Case 2 — A Surat textile exporter. 80% of their calls are in Gujarati. Whisper-1's Gujarati WER is ~25% at conversational speed. We told them to wait for Whisper-3 or use a specialised Indic-ASR like Sarvam. Better to be honest than ship a 60%-accuracy router.
Case 3 — Any business under 50 calls a month. A receptionist app on a phone (₹0/month, costs your sister's time) beats the AI workflow. The break-even is around 200 calls / month at our blended billing.
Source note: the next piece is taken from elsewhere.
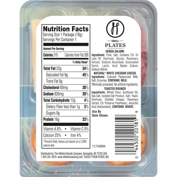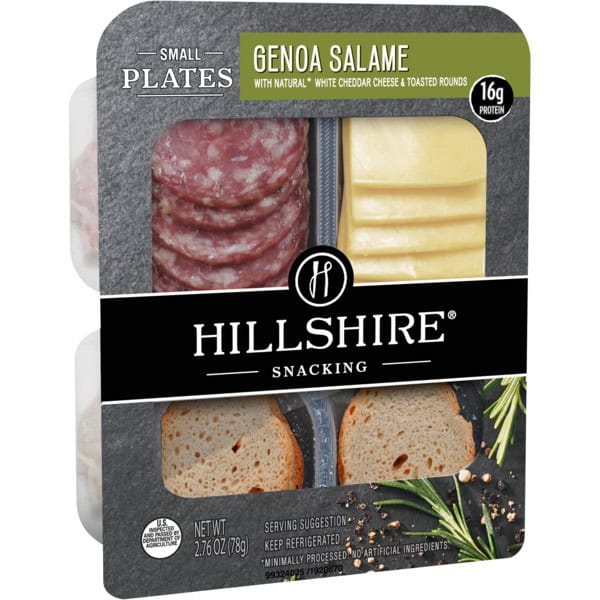 Hillshire Snacking Small Plates feature mild Genoa salami, natural white cheddar cheese, and crisp toasted rounds. Try pairing these snack plates with a fruity Bellini to enhance the flavors of the mild sliced salami and sharp white cheddar cheese slices. Perfectly portioned for snacking on the go, our Genoa Salami Small Plate has 16 grams of protein in each ready to eat serving.

EXECUTIONS_DATA_MAX_AGE=720 (30 days) and you are clean.
## FAQ
### How long does the n8n receptionist take to build?
For a competent n8n user with all credentials ready, the 47-node workflow takes about 6 working hours including the Twilio TwiML loop testing. We allow 7 working days end-to-end for client builds because Twilio India DID verification takes 2–3 business days, and TRAI OSP disclosure copy review eats another day.
### Can it transfer the live call to a human?
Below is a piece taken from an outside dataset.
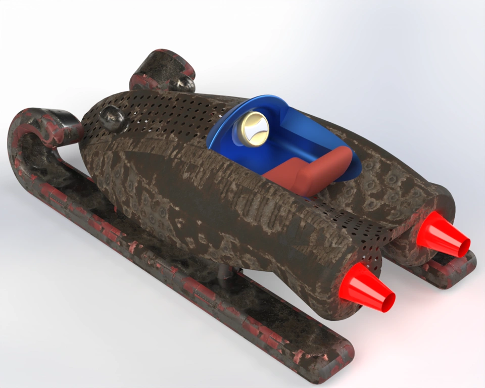I am sharing my latest CAD/Rendering model: a sleigh that serves as a study in contrast and a reflection on the passage of time. Technically, it screams opulence and fantasy: Lighting: Integrated LED lights, symbolizing the initial brilliance of dreams. Comfort: A seat upholstered in luxurious red velvet, echoing the comfort and wonder of childhood. Detail: An anodized blue cockpit, a modern touch of technical perfection. However, all this beauty is tragically overshadowed by a body degraded by

Yes, replace the Record verb with a Dial verb in the TwiML. You lose the AI routing because the AI runs after recording finishes, but you can run a hybrid: Claude classifies the first 8 seconds, then conditionally dials the right rep. We have built it twice; it adds about 12 nodes and ₹0.18 per call.
### Does Whisper handle Hindi-English mixed calls?
Yes. Whisper-1 is multilingual and we force language: "en" so it transliterates Hindi tokens phonetically (e.g., "delivery kab aayegi" stays readable). For pure Hindi calls, switch to language: "hi". Code-switching at conversational speed: about 88% word-accuracy in our test set, good enough for intent classification.
### What if Claude returns invalid JSON?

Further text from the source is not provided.